片岡 はい。「FLYDAY CIRCUS」(2023年2月~4月開催)と去年の「SING ALONG」(2023年10月~2024年9月開催)はもともと4人でいたときから予定していたツアーで。4人で企画立案したものを3人でやった形でした。3人でゼロから立ち上げたのは去年のファンクラブのツアーが初めてだったんですけど、メンバーの体調が整わず、「“片岡健太とバンドマン”ツアー(仮)」という謎のツアーになって。あれはイレギュラーオブイレギュラーだとして、3人がちゃんといる状態でゼロから立ち上げたツアーは今回が初めてだったんです。そういうものじゃないと、4人のときを振り返る資格がないなと個人的には思っていて。だからようやく話せるというか、リスナーに向けて直接話せば伝わるだろうなという信頼感があった。この考え方はちょっと古いのかもしれないですけど、ライブではテキストだけではない、画像だけではない、可視化できない空気感も含めて「伝えた」「伝わった」ということが成立すると僕は思っているんです。僕はミュージシャンなので、ライブで音楽を聴いてもらったうえで伝えるのがたぶん一番嘘なく伝わるところだと信じていたから、sumikaの会場に来てくださる選択をしてくれた方の前でちゃんと本当のことを話したいなという気持ちになって、ああいったMCをしたという流れがあります。
僕らのリアルな表情を楽しんでいただけたら
──最後に、WOWOWでの放送・配信を観られる方に、メッセージをぜひ。
荒井 自分たちのやりたいことを詰め込めたツアーだったし、ファイナルもすごくいいライブだったなと今でも思えています。ステージのいろんなところでいろんなことが起こっているので、映像を通して自分の好きなところにフォーカスしつつ、ほかの場所も気にして見たり聴いたりしてもらえると、「ここでこんなことが起きてたんだ」「こんな音が鳴ってたんだ」ということがけっこうあるんじゃないかなと。「今のsumikaはこういう感じなんですよ」ということを伝えられるライブだと思うので、放送を観て、これから先のsumikaを楽しみにしてもらえたらいいなと思っています。
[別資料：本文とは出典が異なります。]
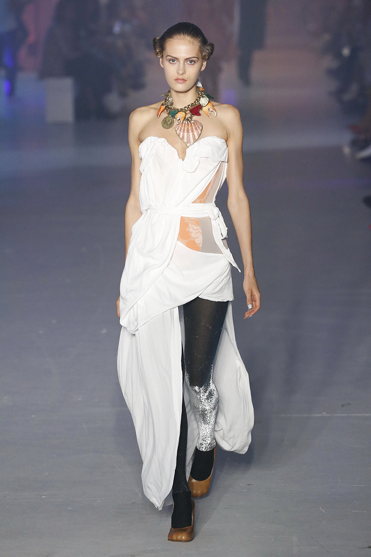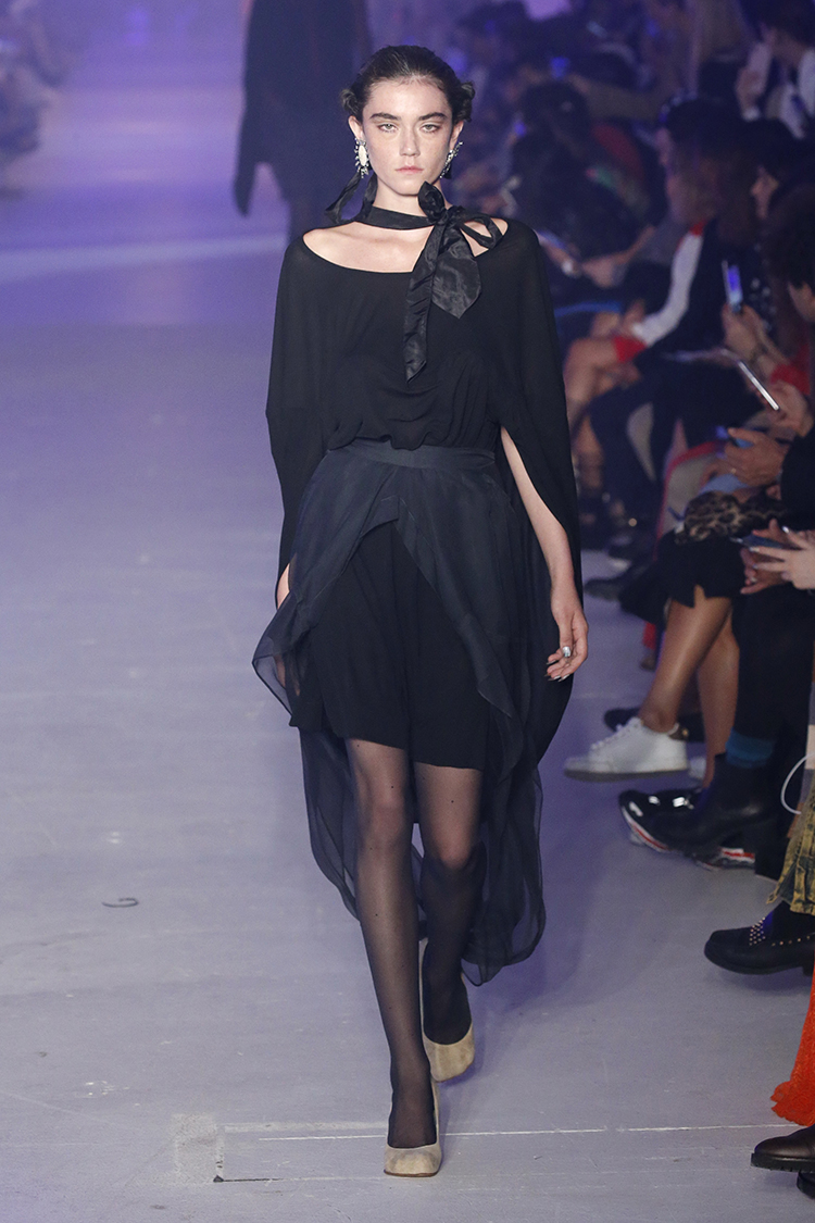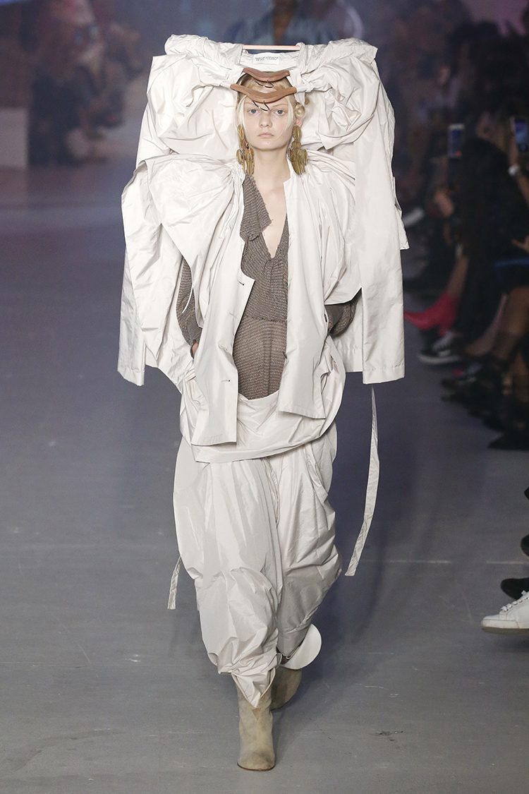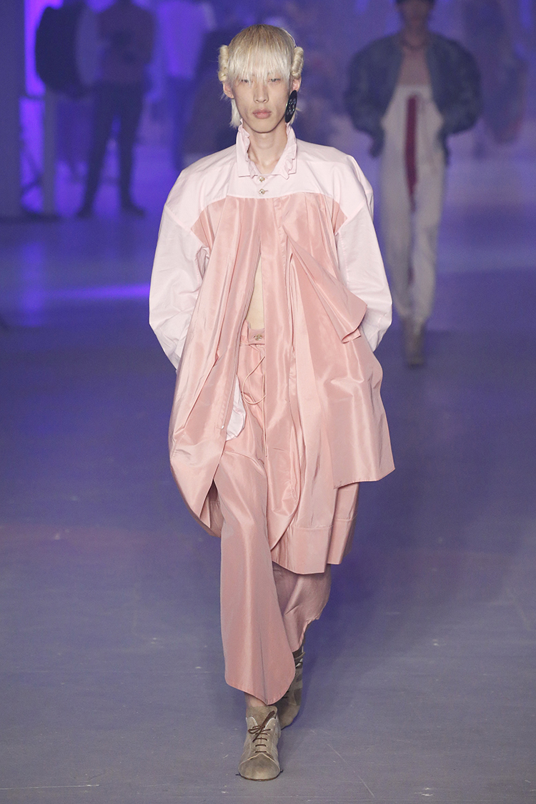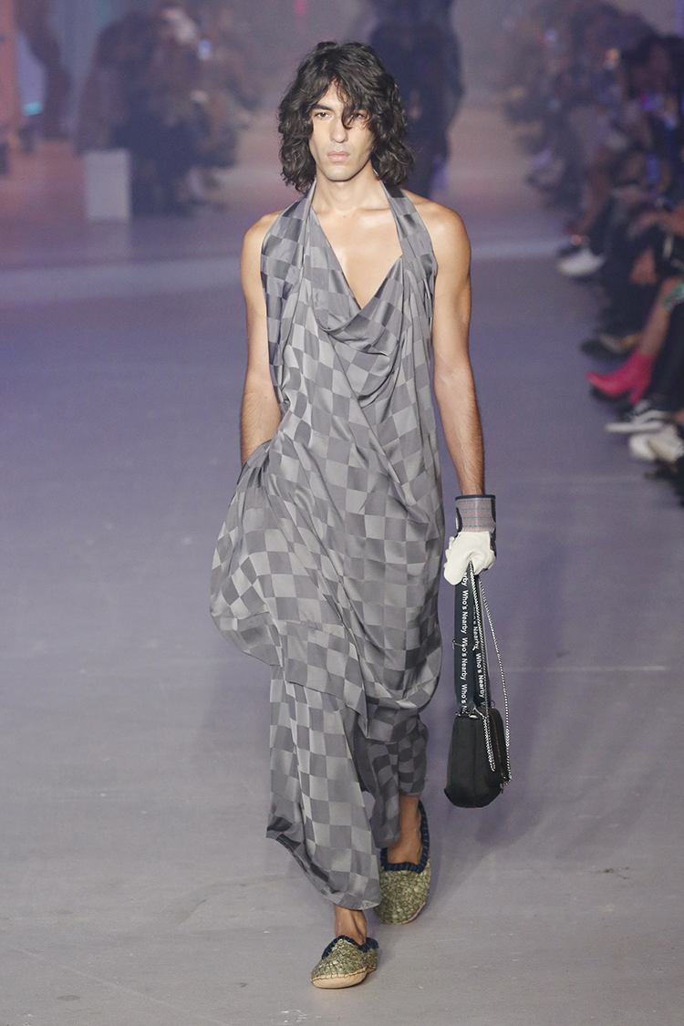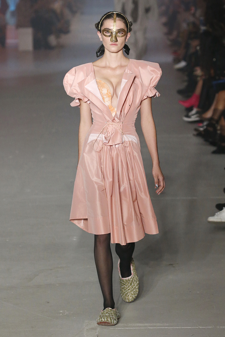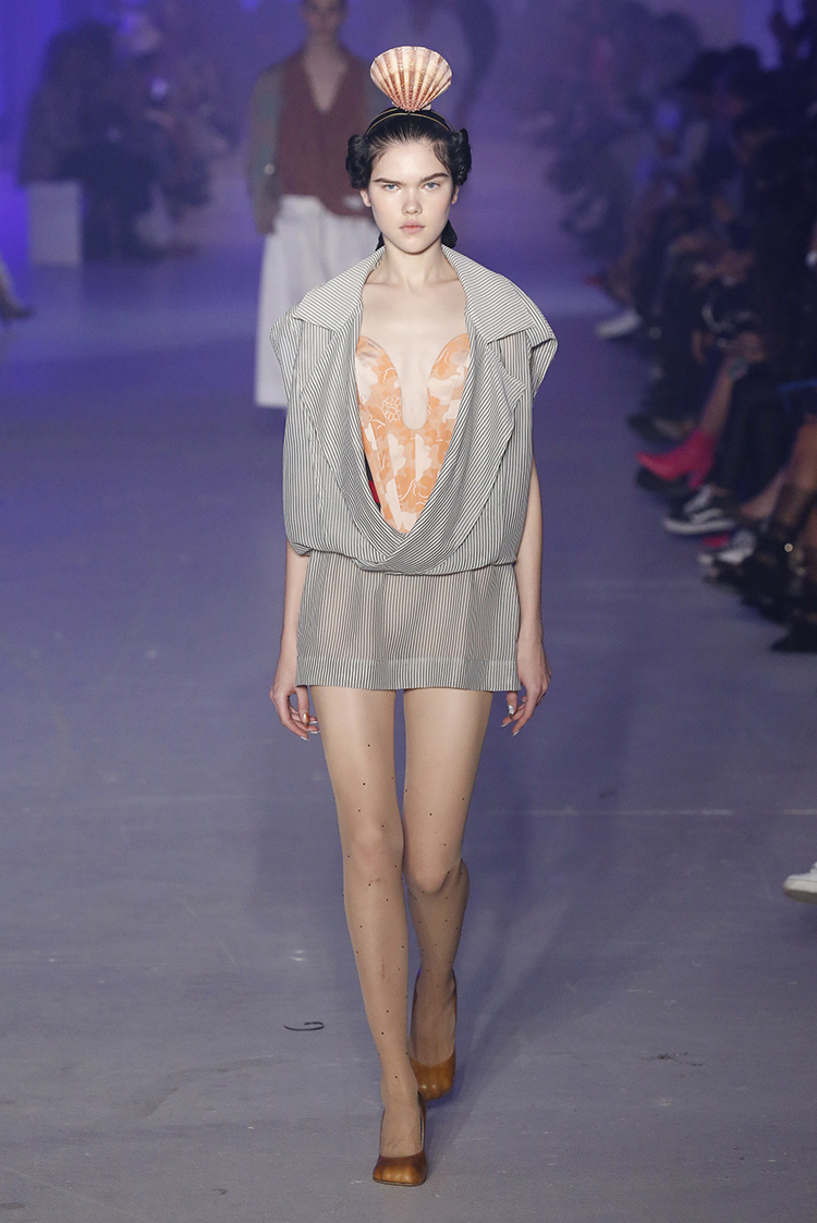 C’est dans un hangar gigantesque de la rue des Poissonniers, à Paris, que Vivienne Westwood a présenté sa collection printemps-été 2020. Un cadre en parfaite adéquation avec le style de la maison. Andreas Kronthaler dévoile ici une collection aussi inspirante qu’inspirée baptisée ‘Rock me Amadeus‘. Il nous invite à la rencontre des pin-ups des années 50 dans un spectacle ambulant où les vêtements se font et se défont, où les formes, aussi fluides que des nuages, affinent des silhouettes souvent fantasques. Les Hommes se mélangent aux animaux et aux machines pour créer un monde à la frontière du réel. Au programme : des chapeaux démesurés, du volume, des drapés, de la superposition …

──そして今回も、ツアーに密着したドキュメンタリー番組が併せて放送されるんですね。
小川 はい。まだ観ていないんですが、素材がたくさんあるという話を聞いているので、どんなものになるか楽しみです。僕らのリアルな表情を、ツアーの映像とともに楽しんでいただけたらうれしいなと思います。ツアーの1本1本が積み重なって、33本目のさいたまスーパーアリーナにつながっていて、そのプロセスがしっかりと刻まれているドキュメンタリーになっていると思うので、そこに注目していただけたら。
片岡 僕らはステージの上でも下でも、けっこう表裏のないタイプだと思っているんですけど、本当かどうか、映像で確認してください。裏ではスタッフをしばいているかもしれないし、令和にそぐわないバンド活動をしている可能性もあるので、燃やせそうな素材があるか、つぶさに見てください……って冗談ですよー(笑)。
──わかってます(笑)。でも、ライブとその裏側の両方が観られるのはいいですよね。
片岡 だいたいは表面上に出ているものだけで終わっちゃうものが多いと思うんですけど、例えば料理でも、どういう作り方をしているかを見たときに、同じようなものを作れなかったとしても「自分はこれが作れるかもしれない」と思ったりするじゃないですか。僕らだったら音楽ですけど、例えば絵が描けるとか、写真を撮れるかとか、勉強をがんばれるとか、たぶんいろんなものに転用できると思うので、僕らがツアーに取り組む過程を見ることで、自分の生活にとって何かプラスになってくれたらいいなということを思います。
プロフィール
sumika(スミカ)
2013年5月に結成。2017年にバンド初のフルアルバム「Familia」をリリースし、2018年には東京・日本武道館公演2DAYSを含むホールツアーを開催。その後も映画「君の膵臓をたべたい」「僕のヒーローアカデミア THE MOVIE ヒーローズ:ライジング」「ぐらんぶる」、テレビドラマ「おっさんずラブ-in the sky-」、テレビアニメ「ヲタクに恋は難しい」「MIX」「美少年探偵団」「カッコウの許嫁」など、数々のタイアップソングを手がけてお茶の間に自分たちの音楽を広げた。2022年に結成10周年を迎え、9月に4thアルバム「For.」を発表。2023年5月に神奈川・横浜スタジアムでアニバーサリーライブを開催した。2024年2月からホール&アリーナツアー「sumika Live Tour 2024『FLYDAY CIRCUS』」を開催。5月にEP「Unmei e.p」をリリースした。9月に欧州サッカー“2024-25シーズン”のイメージソング「VINCENT」を配信リリース。2025年3月にアルバム「Vermillion's」をリリースし、全33公演の全国ツアーを行った。